Here’s a little information about me: my parents moved from India to the United States in 1993 and in 2000, I was born in Lexington, Kentucky. So yes, I am an American citizen. When I was 2 years old, my family then moved to central Florida, to a town where 62% of the population is white, and the average age is 50.
I was definitely an outlier when growing up, so people around me focused on the Asian part of me (since that was the most different). I realized this when I was in 8th grade at a tennis camp. Another tennis player came up to me, and before she even heard my voice, stated “Sanhitha definitely has an Indian accent.” I was shocked. I didn’t know why she thought I had an accent considering the fact that I don’t even understand Hindi.
From elementary school to high school, everyone seemed to always look at me for anything Indian, acting as if I was the leading expert in the room. But again, I was born in Kentucky and raised in Florida, two Southern states.
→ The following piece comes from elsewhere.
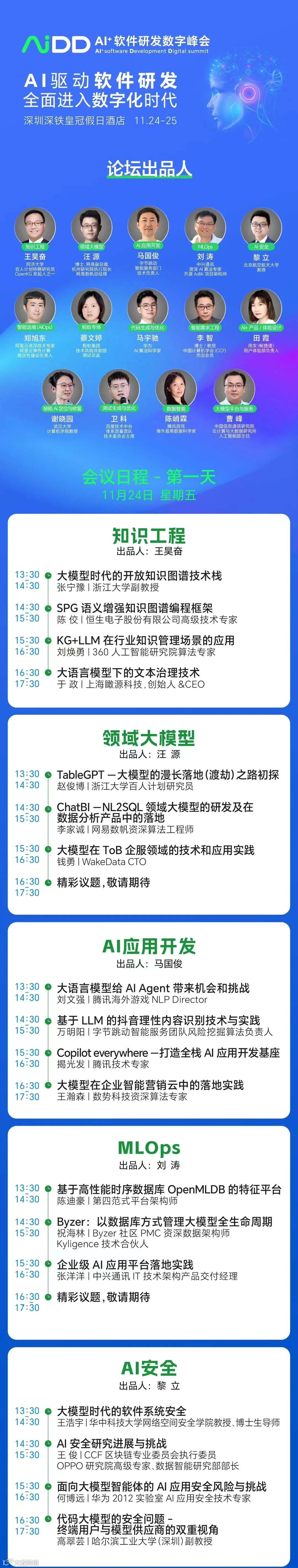 这里有一个助你赶在时代前列的机会。11月24-25日,一场聚焦于AI大语言模型的年度盛会,“AI+软件研发行业数字峰会(AiDD峰会)”即将于深圳举办。助你在人工智能的浪潮中乘风破浪。
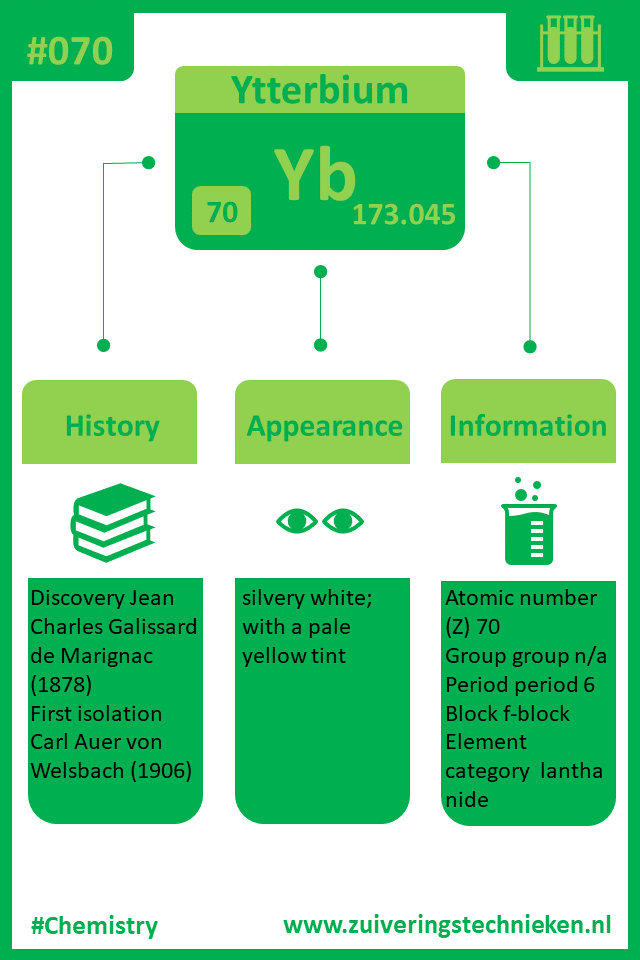 Atoomnummer 70 is ytterbium met symbool Yb. Er zitten diverse elementen in het periodiek systeem en in de infographic is gedetaileerde informatie te vinden over dit element.

But, when I visited India on family trips and moved to college, focus shifted towards the American part of my identity. Well, actually the lack of Indian in me. In India, family members always mention how I can’t speak Hindi, or they would ask my mom why I can’t sing. P.S. you don’t want to hear me sing.
In college, I’ve been told that I’m “not brown enough” because I either found something too spicy or because I didn’t know a Bollywood movie/song/actor. Now, when I tell people that I want to go into law school, the first response isn’t “wait that’s cool,” but then it’s “wait, I thought you were going to be a doctor.” They become even more shocked when I say I want to go into criminal justice reform because how many Indian girls do you see in that field?
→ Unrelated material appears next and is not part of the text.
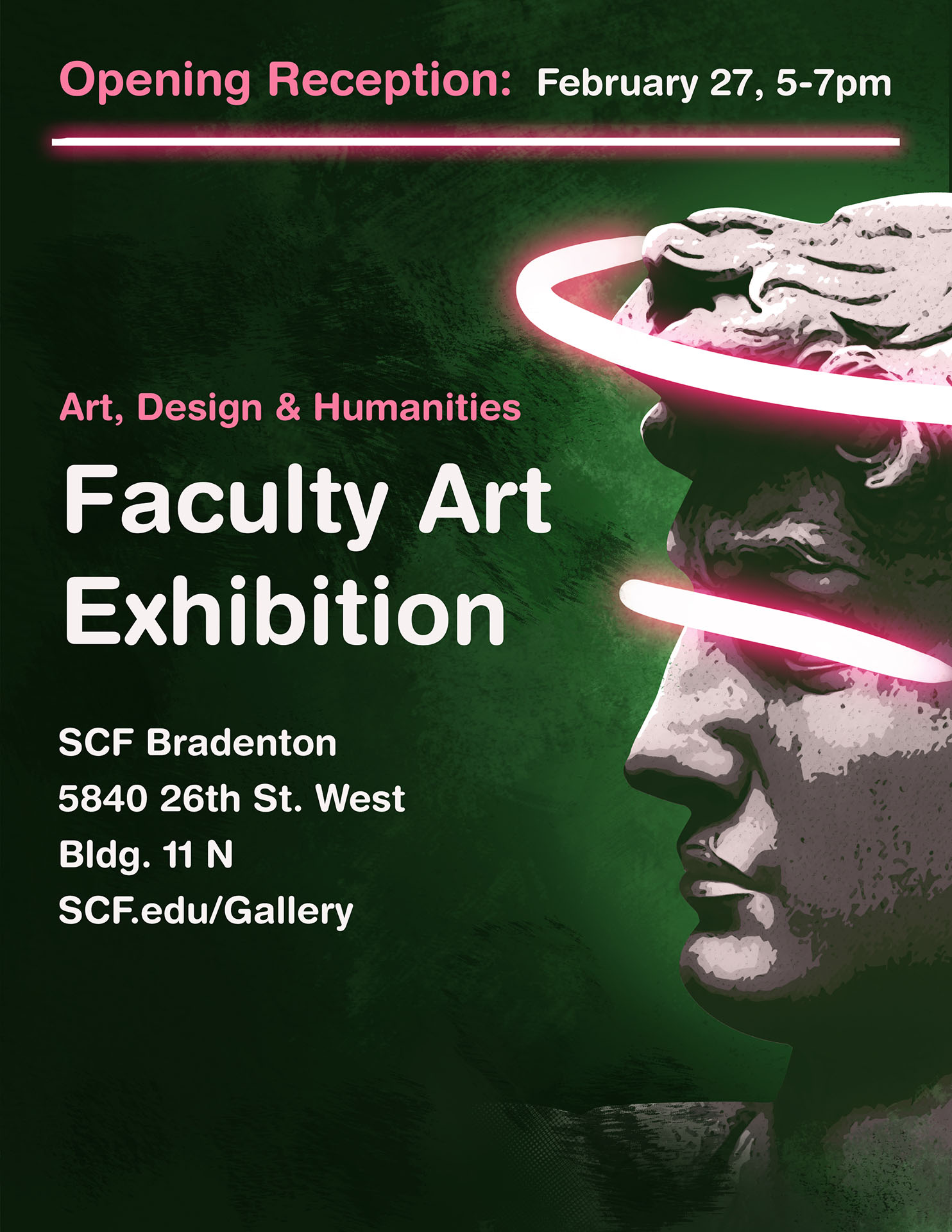 The Gallery at SCF, Bldg. 11 5840 26th St. West, Bldg. 11, Bradenton, FL, United StatesPresented by The Gallery at State College of Florida, Manatee-Sarasota Thursday, February 27th, 5:00 p.m. - 7:00 p.m. SCF Bradenton Campus, 5840 26th St. West Building 11N This showcase exhibition features the professional work of our ADH Faculty artists. This show will be on view until March 26, and will be followed by the Student … Continued
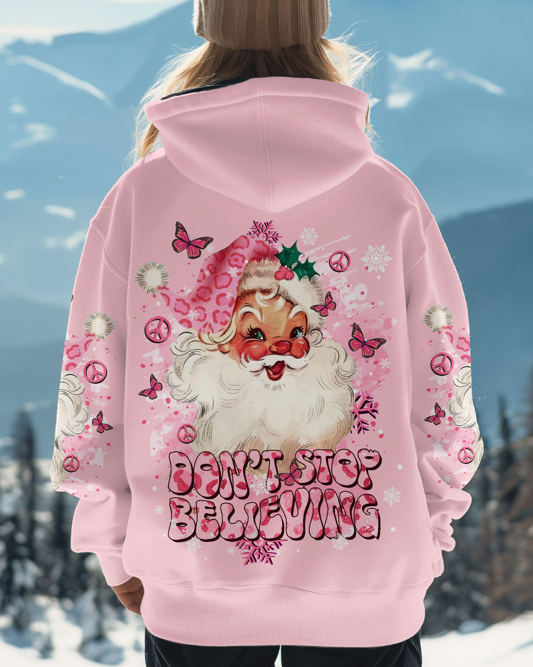 Rushgleam Christmas Santa Claus Hoodie Don’t Stop Believing Clothes Presents For Christmas

But, there are times where I feel very connected to my Indian heritage. When I was still living in Florida, every year for Diwali, my best friend and I would choreograph dances for the annual party. We would spend months before planning, staying up late listening to Hindi songs and watching dance videos on YouTube trying to figure out the dance. Moments like these helped me define my identity as an Indian-American.
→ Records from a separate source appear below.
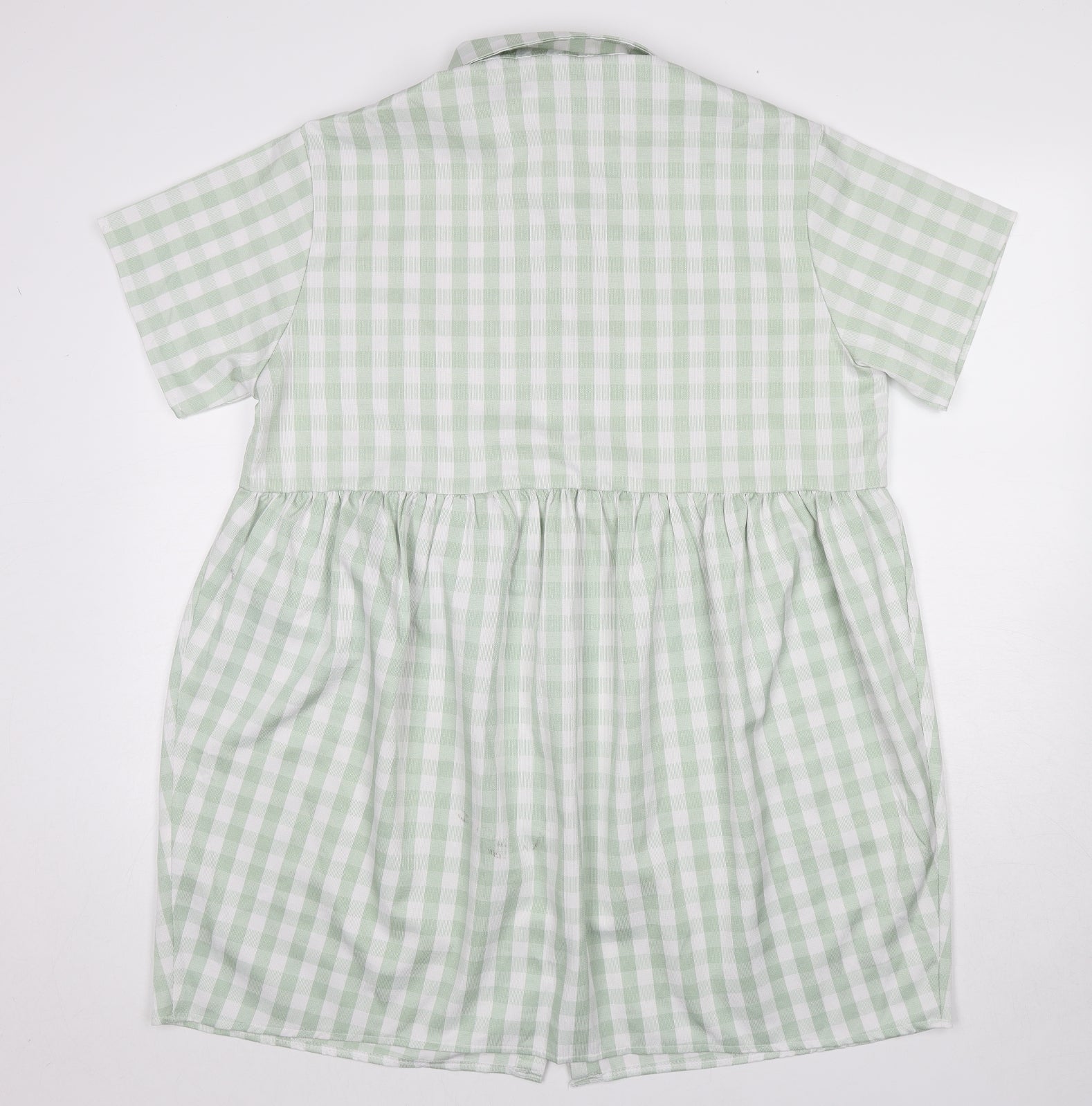 Womens Green Check Polyester Shirt Dress Size 12 Collared Button
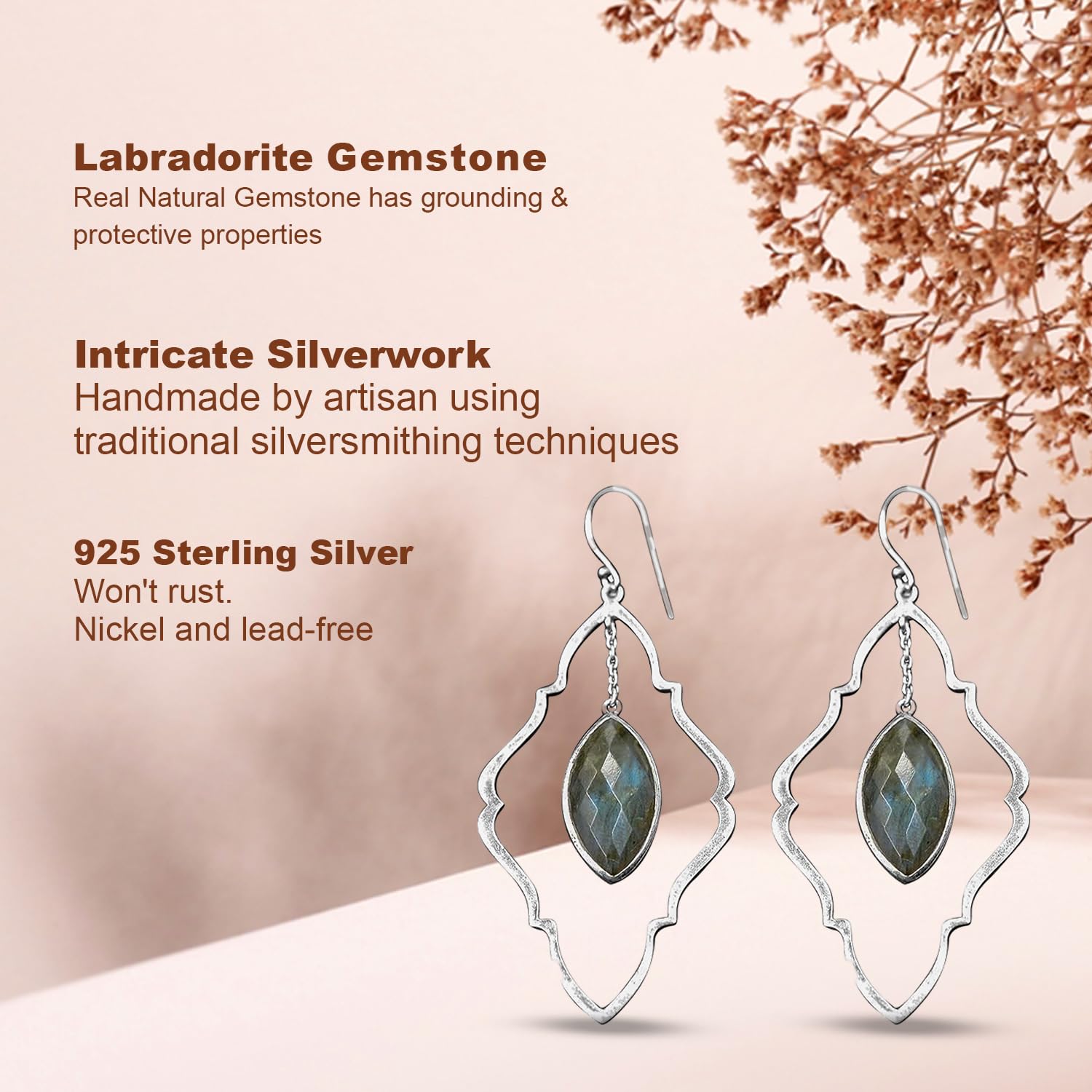 Labradorite Earring, Healing Crystal Earring, 925 Sterling Silver Earring, Bohemian Earring mothers day gifts
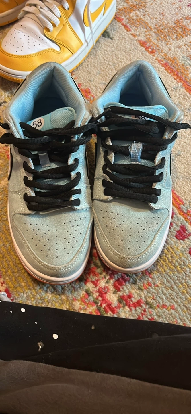 20Selling a pair of Nike SB Dunk Low Pro in the Blue Raspberry colourway. The shoes are a US size 7 and have been gently worn. The soles are orange and the uppers are a light blue suede. Great for skating or casual wear!
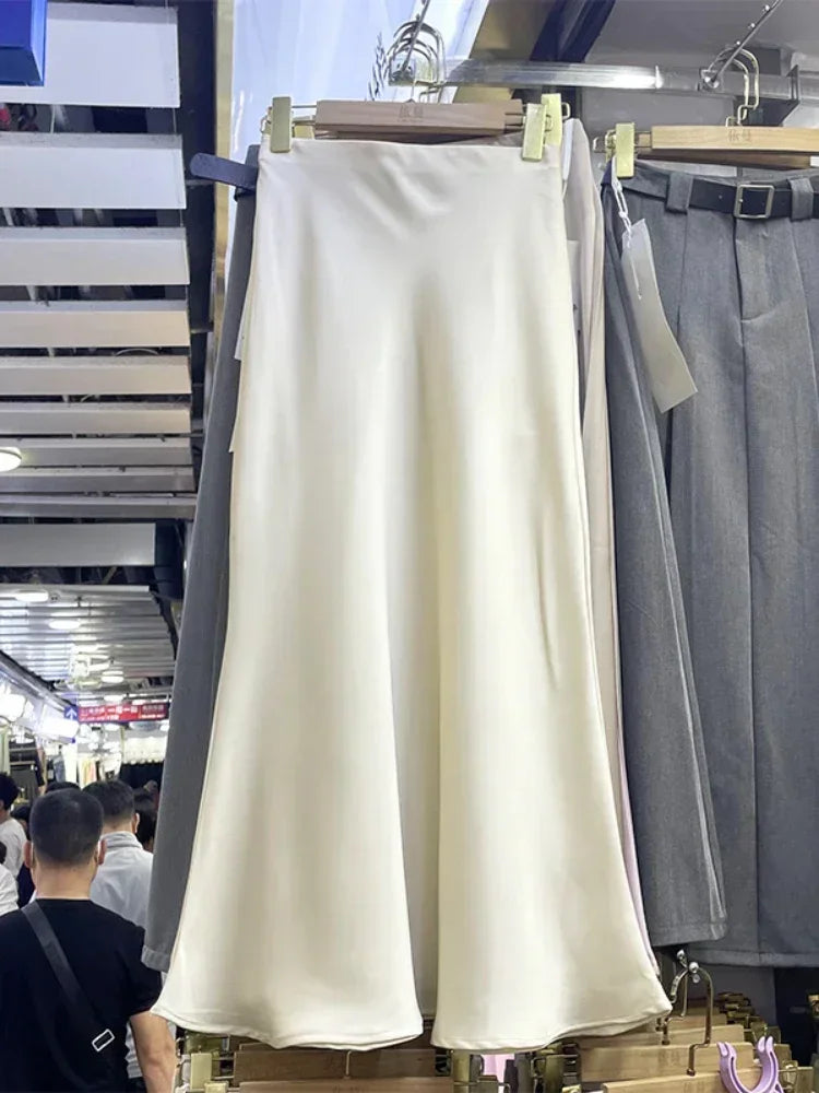Elegant Women‘s Skirts High Waist Satin Silk Long Skirt Office Ladies Korean Fashion Solid Champagne Fishtail A-line Skirt Women

My relationship with my Indian heritage isn’t through movies or the language itself, but rather the small moments with friends and family. I associate my Asianness through poojas done by my mom or eating food with my extended family in India. I don’t fit into the binary that others seem to believe in where I can only be Asian or American, but not both. To me, my identity is a spectrum: my favorite food is barbecue, with mac n’ cheese and biscuits, but I absolutely love wearing sarees and bangles to parties. So yes, my definition of brownness is different from yours but that’s fine. It doesn’t change the fact that I am an Asian-American.